# EXERCISE DATA:
◇ ◇ ◇ ◇ ◇
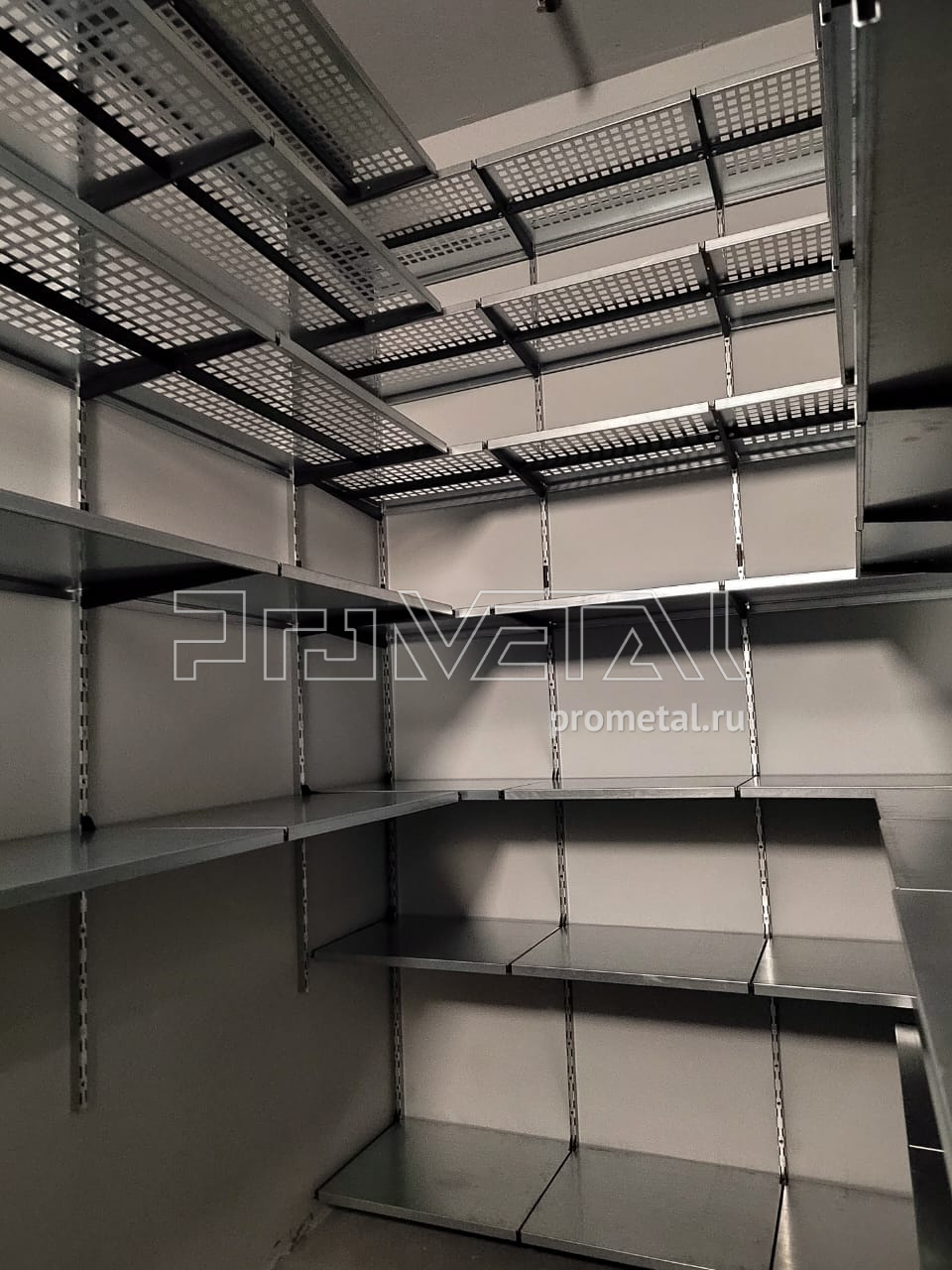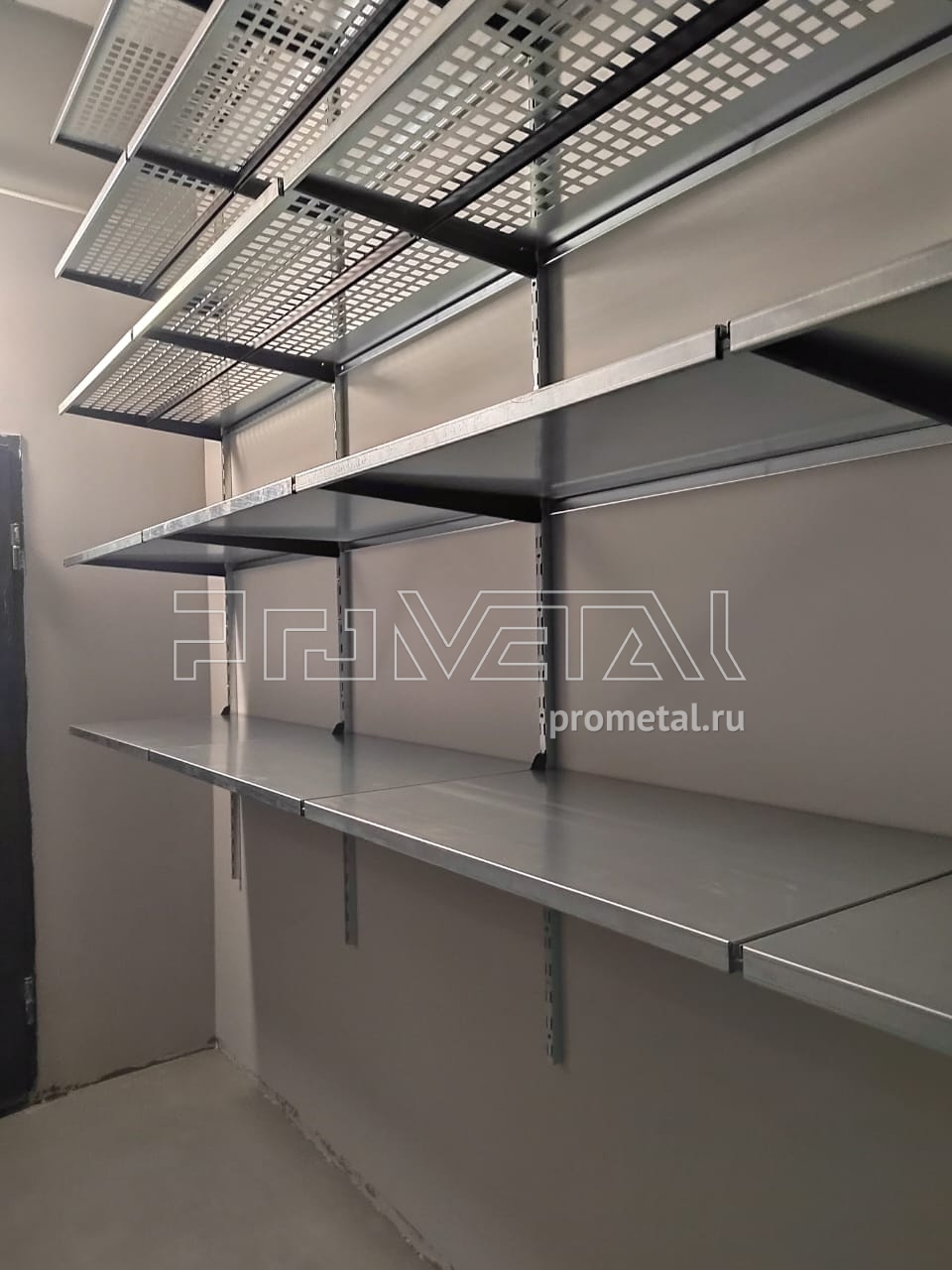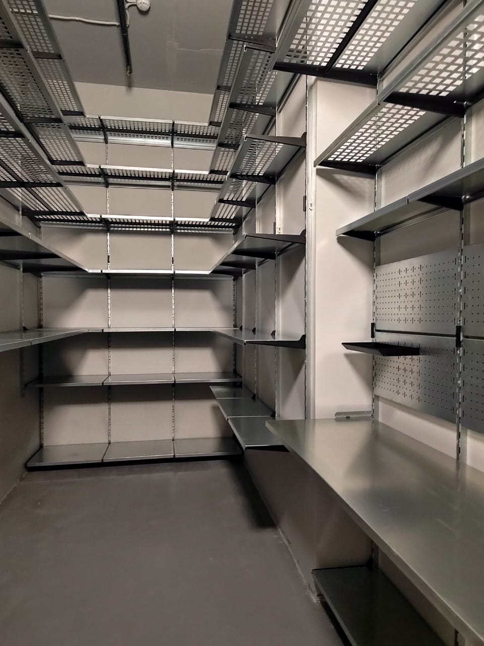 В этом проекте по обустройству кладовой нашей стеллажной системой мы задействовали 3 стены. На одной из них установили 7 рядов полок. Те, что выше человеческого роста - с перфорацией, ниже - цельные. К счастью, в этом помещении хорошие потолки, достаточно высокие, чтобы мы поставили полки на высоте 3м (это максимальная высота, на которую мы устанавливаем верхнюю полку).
◇ ◇ ◇ ◇ ◇
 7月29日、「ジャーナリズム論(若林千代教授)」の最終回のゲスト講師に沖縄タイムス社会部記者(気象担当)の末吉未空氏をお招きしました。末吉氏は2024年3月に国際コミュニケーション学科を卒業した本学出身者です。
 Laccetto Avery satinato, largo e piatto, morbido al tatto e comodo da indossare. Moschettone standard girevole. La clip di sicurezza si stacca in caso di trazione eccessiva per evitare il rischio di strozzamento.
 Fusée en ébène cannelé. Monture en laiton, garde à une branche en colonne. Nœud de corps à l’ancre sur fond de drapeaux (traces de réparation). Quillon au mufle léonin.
◇ ◇ ◇ ◇ ◇
Given the data above, transcribe exactly the lines from the one containing "7月29日、「ジャーナリズム" down to the one containing "Fusée en ébène", and no others.

 7月29日、「ジャーナリズム論(若林千代教授)」の最終回のゲスト講師に沖縄タイムス社会部記者(気象担当)の末吉未空氏をお招きしました。末吉氏は2024年3月に国際コミュニケーション学科を卒業した本学出身者です。
 Laccetto Avery satinato, largo e piatto, morbido al tatto e comodo da indossare. Moschettone standard girevole. La clip di sicurezza si stacca in caso di trazione eccessiva per evitare il rischio di strozzamento.
 Fusée en ébène cannelé. Monture en laiton, garde à une branche en colonne. Nœud de corps à l’ancre sur fond de drapeaux (traces de réparation). Quillon au mufle léonin.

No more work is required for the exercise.